When word spread that Apple was preparing to spend $3 billion to buy Dr. Dre and Jimmy Iovine’s headset and music streaming businesses, a lot of smart people took a look at Beats’ financials and scratched their heads.

But nobody published as detailed — or as nasty — a look at Apple’s (AAPL) newest acquisition as the one Sam Hamadeh’s PrivCo posted on Thursday.

PrivCo, which tracks privately owned companies, covers the stuff we already knew about Beats, including:

— Its ill-fated sale to HTC that even Iovine describes as a “culture clash” that “crashed and burned”

— Its $500 million rescue last October by a leveraged buyout team at the Carlyle Group

— The $205 million in dividends that Dr. Dre and Iovine each pocketed shortly afterward

But PrivCo also adds details from “thousands of pages of documents” it claims to have in hand, including Beats’ unpublished income and balance sheets and the terms of various loan, merchandising and royalty agreements dating back to 2006.

According to PrivCo, Beats in June 2013 was only days away from default on hundreds of millions of dollars of debt, and was saved from bankruptcy with a short-term, high-interest note, due next month that was secured by the rights to all Beats assets, trademarks and equity.

The report is unsigned, except for a summary quote from PrivCo founder and sometime movie producer Sam Hamadeh:

“After Beats took its manufacturing in-house in 2012 — turning Beats into a low-margin electronics maker — while at the same time buying back HTC’s stake in the company with $265 Million in borrowed money due within 12 months, by 2013 Beats Electronics was a distressed business by any standard. New lenders were balking at Beats’ plan to borrow more money to not just pay off its looming debts, but to pay Dre and Iovine a quarter-billion dividend to boot. The company was in a corner until Carlyle stepped in. And now Apple coming to the rescue as Dre’s and Beats’ final savior.
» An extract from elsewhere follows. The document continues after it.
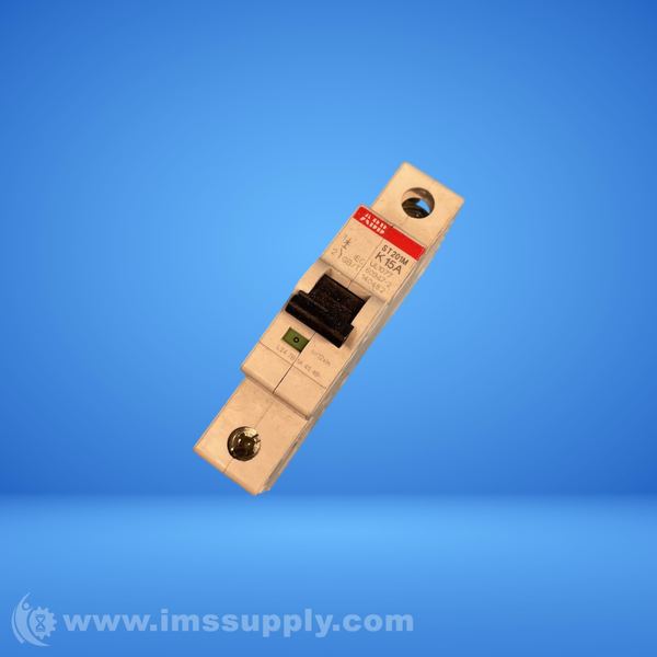 1-pole miniature circuit breaker with K tripping characteristic, 15A rated current, and 15kA ultimate short-circuit breaking capacity at 230V AC.

“As for the king’s ransom Apple is paying, no traditional valuation measure applied to Beats as a business justifies the price. Although even CEOs become star-struck, they shouldn’t ever become blind. We must assume Apple and Tim Cook have grand plans to which we’re not privy to.”

I’m not familiar with Hamadeh’s work at PrivCo, but I gather it’s been hit and miss. According to a 2012 Reuters column, he was right about Facebook’s and Zynga’s disappointing IPOs and Palo Alto Networks’ somewhat better one.
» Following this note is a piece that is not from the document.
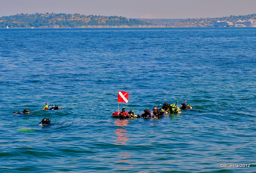 Diving class just off shore on Alki Dr. in West Seattle. Saturday mornings there are usually a group of divers at this location or on the other side of the point, two miles from this spot. If you click to enlarge the image you can see Mt. Baker in the center background.

On the other hand, Union Square Ventures’ Fred Wilson let Hamadeh have it with both barrels last year when PrivCo claimed to know who made how much when Yahoo bought Tumblr.

“Total garbage,” Wilson wrote. “There is not one fact in this PrivCo thing that is close to right. This is the same firm that predicted Foursquare would be out of business this year which will also prove to be nonsense.”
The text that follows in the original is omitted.